Another form of visit constancy, which is one of the simplest metrics of retention used by other international stakeholder agencies, is termed “known alive and on ART one year after initiation.” This measure prioritizes quantitative practicality in settings where patient registers and medical records are often kept on paper. “Known alive and on ART one year after initiation” constancy is usually the percentage of adults and children with HIV who are alive and on ART a designated number of months after initiating treatment, e.g., at 6, 12, or 24-month intervals, and is calculated by looking at a group of persons who started ART in one calendar month, and looking at a window of time 1 year later to see if they have visited the facility in that interval. This indicator is both practical and simple to calculate and thus can be used at the health facility level for assessing patient retention. This formulation, however, has some limitations. This metric does not account for any missed visits between enrollment and current alive and in ART care status, namely due to inconsistent therapy which has been linked to sub-optimal ART outcomes. Furthermore, alive and in care at 1 year implies only looking at patients who have had a year of follow-up, and all patients with less than a year are not included, thereby ignoring potentially important secular changes among the cohort of individuals starting treatment recently.

Visit Adherence

A second group of metrics makes use of appointments as well as visits to calculate the fraction of kept appointments, thus bringing an additional dimension into a calculation of retention. Calculating visit adherence requires a number of practical considerations. First consideration is “how late to a visit does a patient need to be for that visit to be considered ‘missed’?” In the USA, an appointment is considered missed even if the patient appears a day late (or even an hour late). In low- and middle-income settings, a period of lateness is generally allowed to transpire before a visit is considered late. In practice, this interval has ranged from 7 to 30 days, but it is obvious the incidence of missed appointments and therefore visit adherence will be sensitive to these decisions.

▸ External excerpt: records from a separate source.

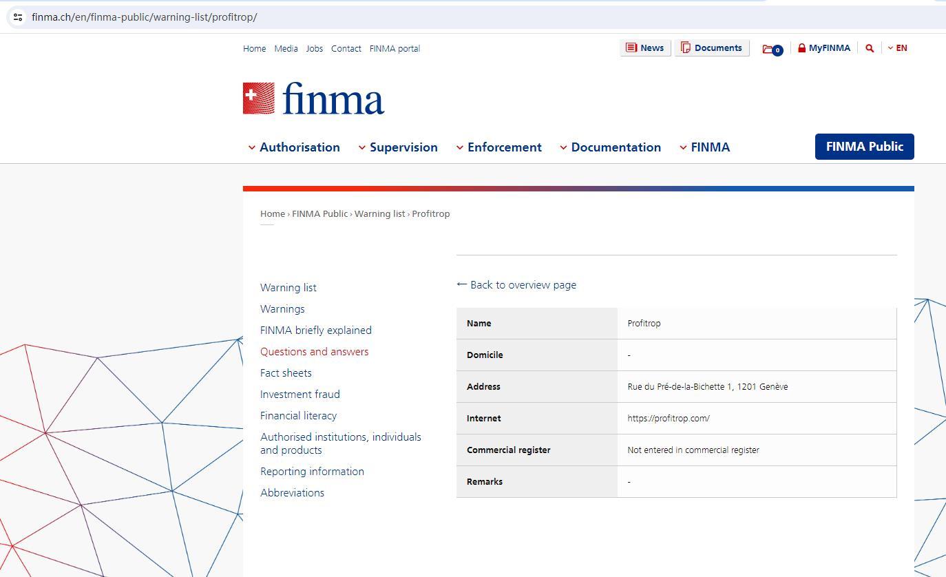 未经授权的公司和个人警告名单 警告名单 -https://profitrop.com/.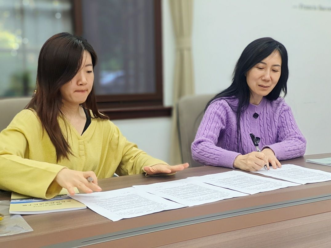 座谈会之后,田朝霞教授与桂青云博士签订了“新教师·教学导师”协议书。田朝霞教授对于新教师之后的教学给予了殷切嘱托和期待,强调新教师要用心用情关怀学生的学习成果和状态。桂青云博士表示在此次的座谈会中受益良多,感受到了学院在新教师成长方面所提供的助益,并对之后的教学实践怀抱热切期待。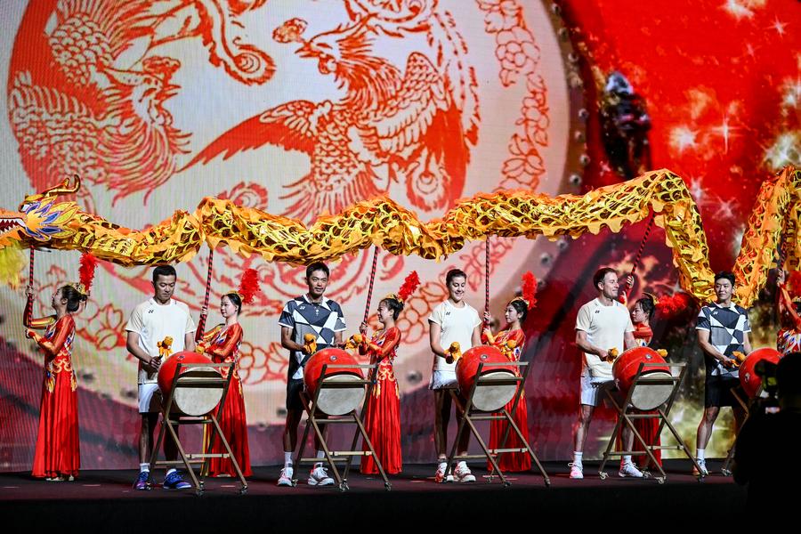 The five badminton legends beat the drums at the "Legends' Vision World Tour", May 10, 2025. (Xinhua/Feng Kaihua)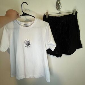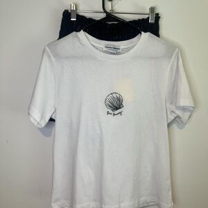 USA size 6 White and black shell graphic tee and shorts set #coastalvibes
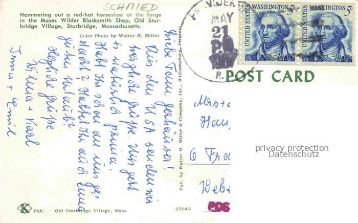 74052919 alte Postkarte Schmied Blacksmith Forgeron– Moses Wilder Blocksmith Old Sturbridge Village Sturbridge postalisch gelaufen Erhaltung siehe scans [IrynaD87] KatCode: 22060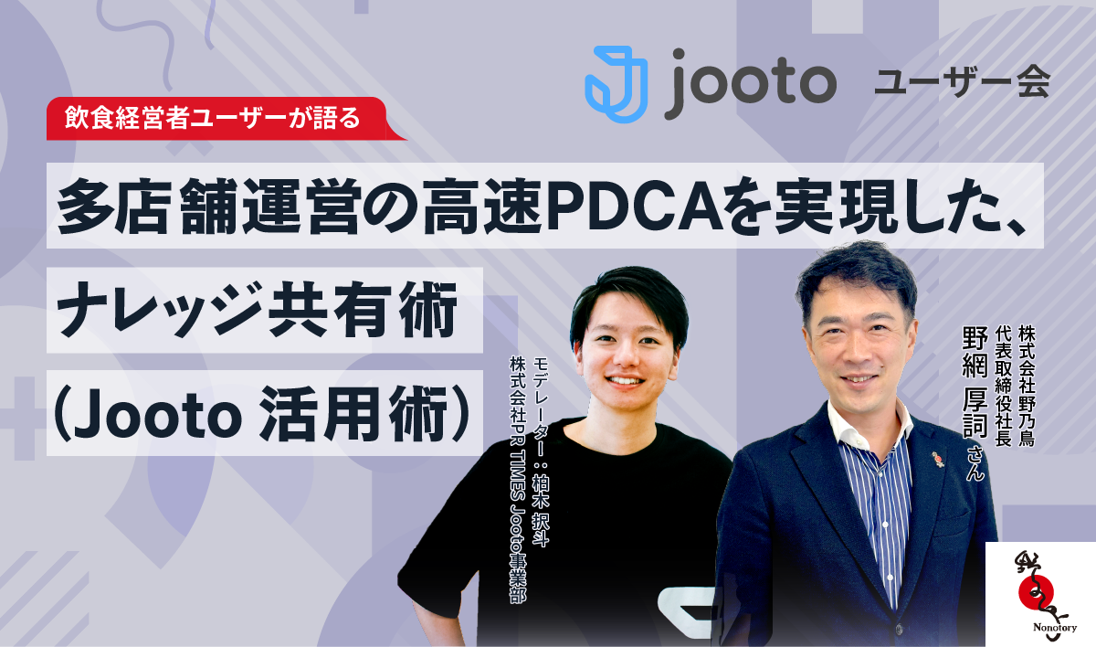 飲食経営はもちろん、食にまつわる様々な事業を展開されている株式会社野乃鳥 代表取締役 野網 厚詞さんにご登壇いただき、多店舗運営の高速PDCAを実現した、ナレッジ共有術(Jooto活用術)をお届けするオンラインイベントとなります。

An appointment-based approach has some advantages over a purely visit-based approach in so far as appointment intervals reflect expected needs for each patient—something that likely differs from individual to individual. If a sicker patient needs more appointments than a healthier patient, conceptually, the sicker patient has more visits to adhere to rather than another patient and they also have a larger “N”; hence, their retention metric that is more robust to missed visits thus may seemingly have better retention than of a healthier patient with fewer appointments who may have missed one of them. Conceptually, the intended visit interval contains information on what a patient needs for appropriate care, and adherence measures incorporate that information. On the other hand, at present, there is an emerging consensus that patients have been asked to come to facilities in the global roll out of treatment, and therefore the inability to make all visits does not uniformly indicate poor engagement, but rather perhaps a poor system. Simple adherence to visits also does not capture an important dimension of missing a visit, which is how long a visit was missed for. A patient who is 1 day late for a visit is better off than one who is 6 months late.

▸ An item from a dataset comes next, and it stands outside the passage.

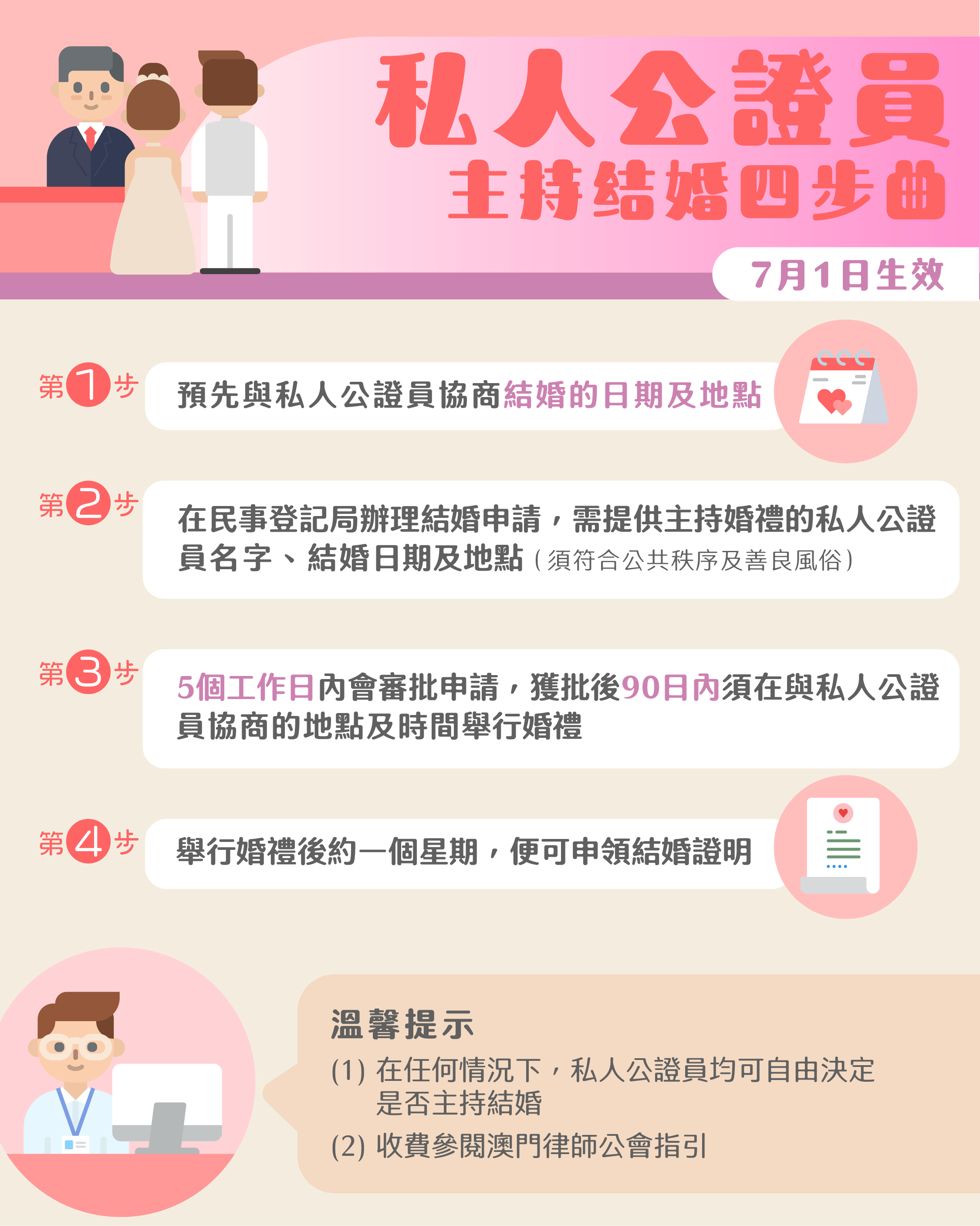第3步:5個工作日內會審批申請,獲批後90日內須在與私人公證員協商的地點及時間舉行婚禮;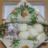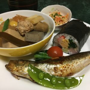 おむすび、鶏の唐揚げ、根菜の煮物。

“Time in care” [16] is another measure that falls under adherence and is defined by the proportion of follow-up time participants are considered in care, thus capturing that a visit was made (or not) and the time that a patient is late for a given appointment. This metric is closely related to medication possession ratio, in which pharmacy refill visits are used to calculate the amount of time a patient is in potential possession of medication, thus capturing time that the patient cannot be adherent. For example, if a patient picks up 30 days of medication but does not return to the pharmacy in 60 days, there are at least 30 days in which it is not possible that the patient has medication. The clinical care situation can be conceived of analogously. If appointments are assumed to be appropriate, then being late for an appointment implies the absence of a desired clinical activity. The time in care measurement has an advantage over simple visit adherence in that it accounts not only for an absence, but the length of that absence. Like other metrics, however, time in care will be sensitive to the interval considered “out of care time” especially when patients are lost to follow-up. In other words, when a patient stops returning, if all subsequent potential follow-up time is considered for time in care estimates, this may turn out to be quite low due simply to an undocumented transfer or death. We therefore usually allow 90 to 180 days to count as eligible follow-up time after the last visit before considering a patient as no longer being part of the cohort.

Survival Analyses

Survival analyses in general address shortcomings of some of the techniques described but are accompanied by their own complexities and assumptions. Metrics like constancy and adherence generally reduce a patient’s experience into a single number, which is useful in its simplicity but can sometimes hide important heterogeneity. For example, it could be argued that any measure of visit adherence over say the first 6 months cannot be compared to visit adherence over 3 years of treatment even though the metric does not automatically distinguish these quantities. Survival analysis offers a formal assessment of incidence and therefore of an occurrence of an event (such as failure to be retained) as of a given time (such as 1 year after ART initiation). Because observations are censored when observation time ends, survival analysis makes use of all individuals whether they contribute small or large amounts of observation time. The simplest approach is to use a Kaplan-Meier (KM) estimates where the event of interest is disengagement from care or loss to follow-up.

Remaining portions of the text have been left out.